Jupyterhub deployment
Jupyterhub & PAWS Components
Jupyterhub is a set of systems deployed together that provide Jupyter notebook servers per user. The three main subsystems for Jupyterhub are the Hub, Proxy, and the Single-User Notebook Server. Really good overview of these systems is available at http://jupyterhub.readthedocs.io/en/latest/reference/technical-overview.html.
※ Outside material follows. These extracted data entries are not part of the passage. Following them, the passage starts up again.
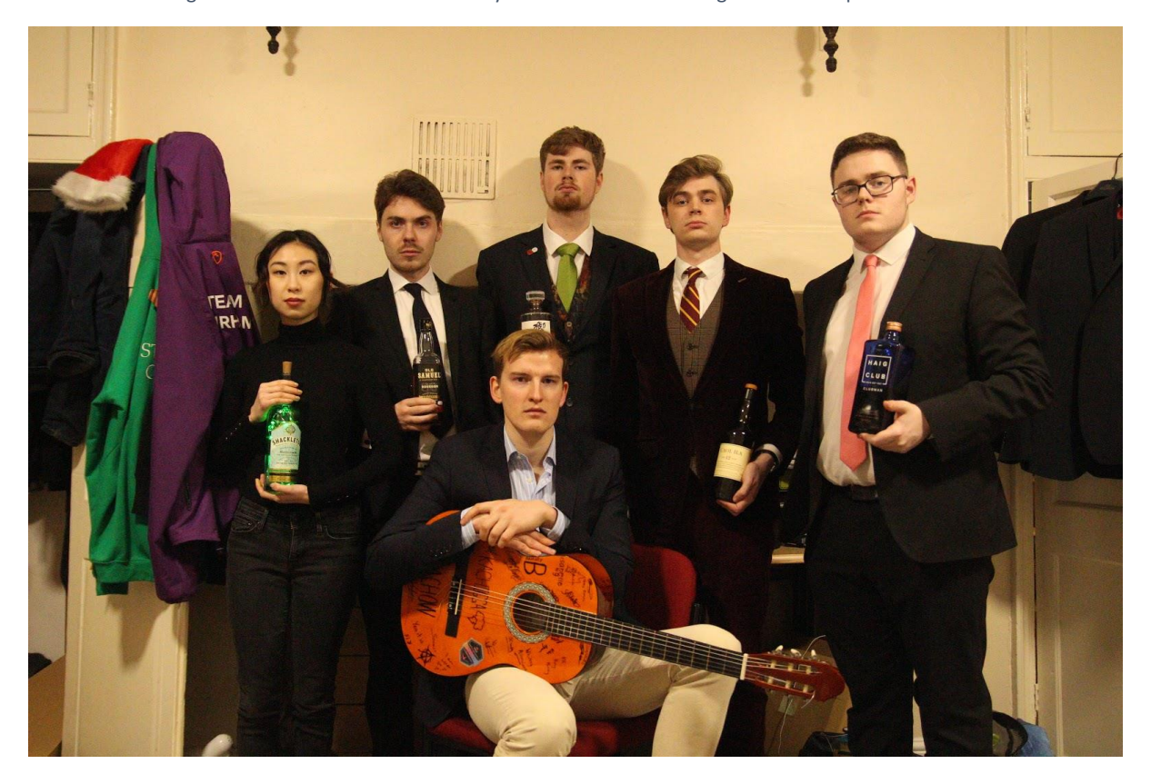
Figure 5 The people were the best thing I experienced during exchange, many lifelong friends were made and even a brother, this photo was taken at one of our underground whiskey society meetings with the committee members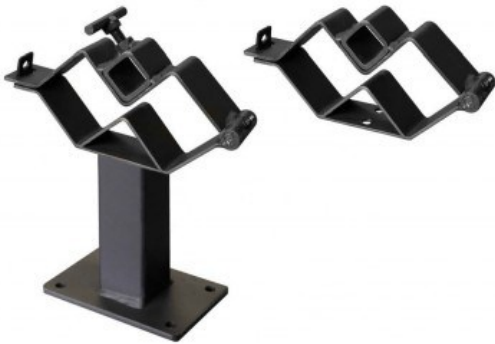
Dolly Mount (Cross Rail — Locking — Stepped)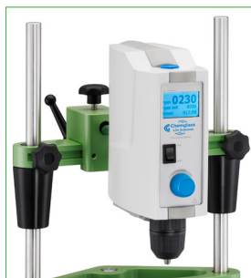
6a Digital Overhead Stirrer, 115v

Approx. Stand Dimensions: 15.25 W x 17.25 D x 44"H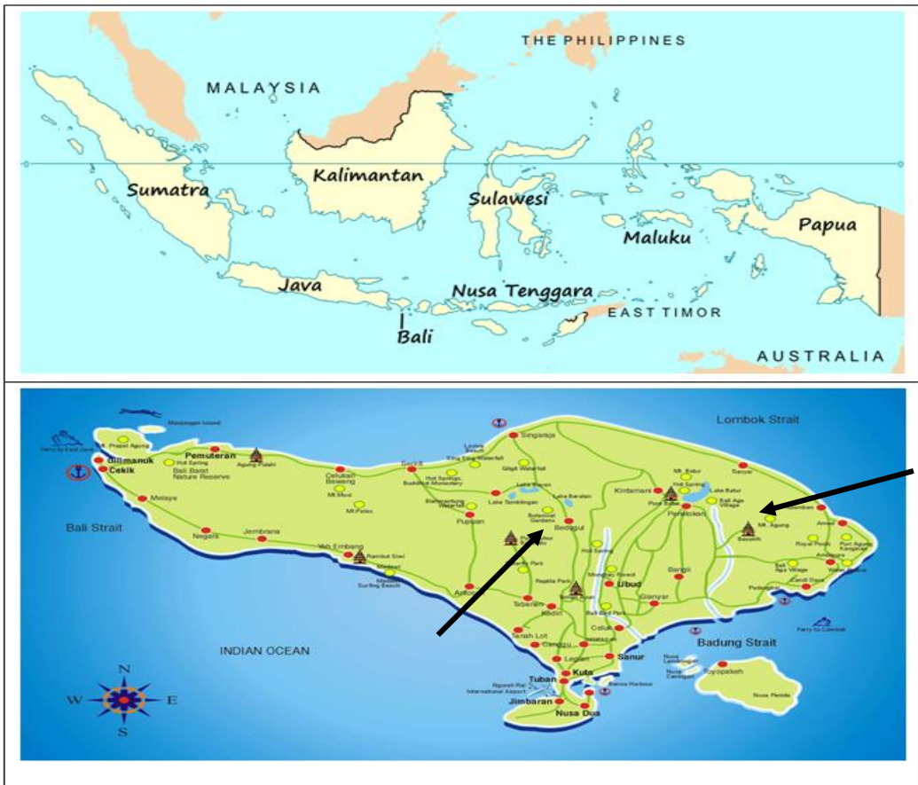
Figure 2: Site map

Primary and secondary data were collected in the study by using various techniques, such as survey, interview, direct observation and documentation. In order to have deep information, the technique of Focus Group Discussion (FGD) was also employed by inviting the key informants of farmers groups, market actors (local traders, exporters, officers of local governments, officers of local banks, and staff of research institution). In this study, data were analyzed by using descriptive method.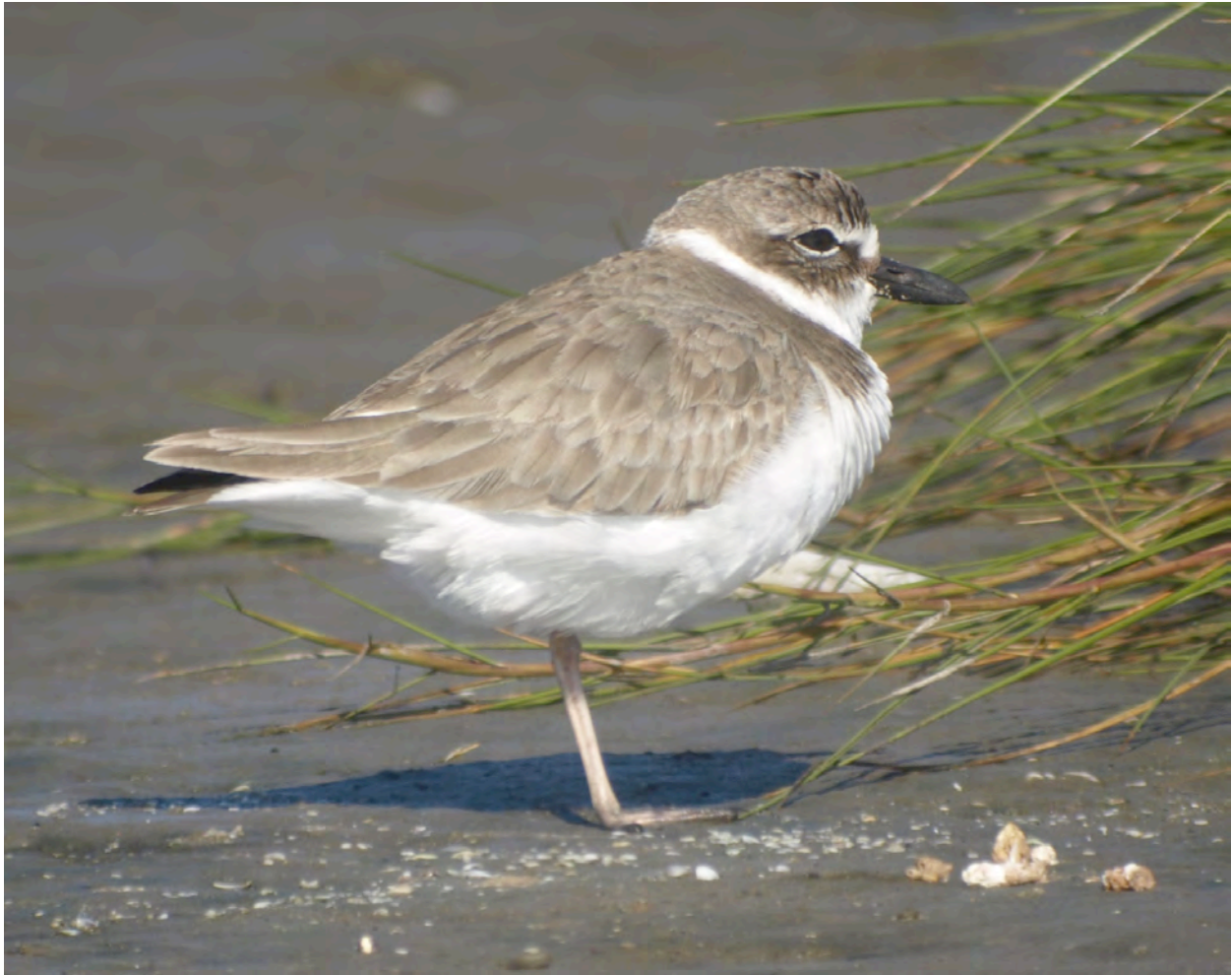
Figure 7: Wilson's Plover observed on November 20, 2013 survey.

PAWS is a Jupyterhub deployment (Hub, Proxy, Single-User Notebook Server) with some added bells and whistles. Some additional PAWS-specific pods in our deployment are:
- db-proxy: Mysql-proxy plugin script to perform simple authentication to the Wiki Replicas. See https://github.com/toolforge/paws/blob/master/images/db-proxy/auth.lua We haven't found a replacement for that yet, but efforts are welcome because the code is quite old. task T253134
- nbserve and render:
nbserve
is an nginx proxy that runs in the cluster at https://public-paws.wmcloud.org that handles URL rewriting for public URLs to map numerical IDs to Wiki usernames (so we can have URLS like https://public-paws.wmcloud.org/User:BDavis_(WMF)/pip-colorama.ipynb), andrender
handles the actual rendering of the ipynb notebook as a static page. These images are both essential to how the publishing of PAWS notebooks works.
PAWS also includes customized versions of some Jupyterhub images:
- singleuser: Since this is the environment for end users, there is a fair bit going on here. Our image is a replacement of the upstream one. We set the correct UID and directory. We install the jupyterhub/lab code directly from pip, along with PyWikiBot, a small library to allow importing a notebook like a python package along the lines of
import paws.$username.$notebooks_name
called ipynb-paws and code from https://github.com/toolforge/nbpawspublic to add a public link button. There are other customizations because this is a great surface for doing them. The general goal is to get a notebook up and running for use on wikis as fast as possible. - paws-hub: We build upon the upstream Jupyterhub hub image just a touch, adding bits that respect more of the UID settings and adding in a custom culling script. The code for doing OAuth is actually inserted in the helm chart instead.
The other custom image is a deploy-hook, which is undergoing some renovations before it is redeployed in the cluster.
Deployment
- The PAWS repository is at https://github.com/toolforge/paws. It should be cloned locally. Then the git-crypt key needs to be used to unlock secrets.yaml file. See one of the PAWS admins if you should have access to this key.
- PAWS is built via github actions triggered by a PR. Github actions will also update the values.yaml to match any new container that is built.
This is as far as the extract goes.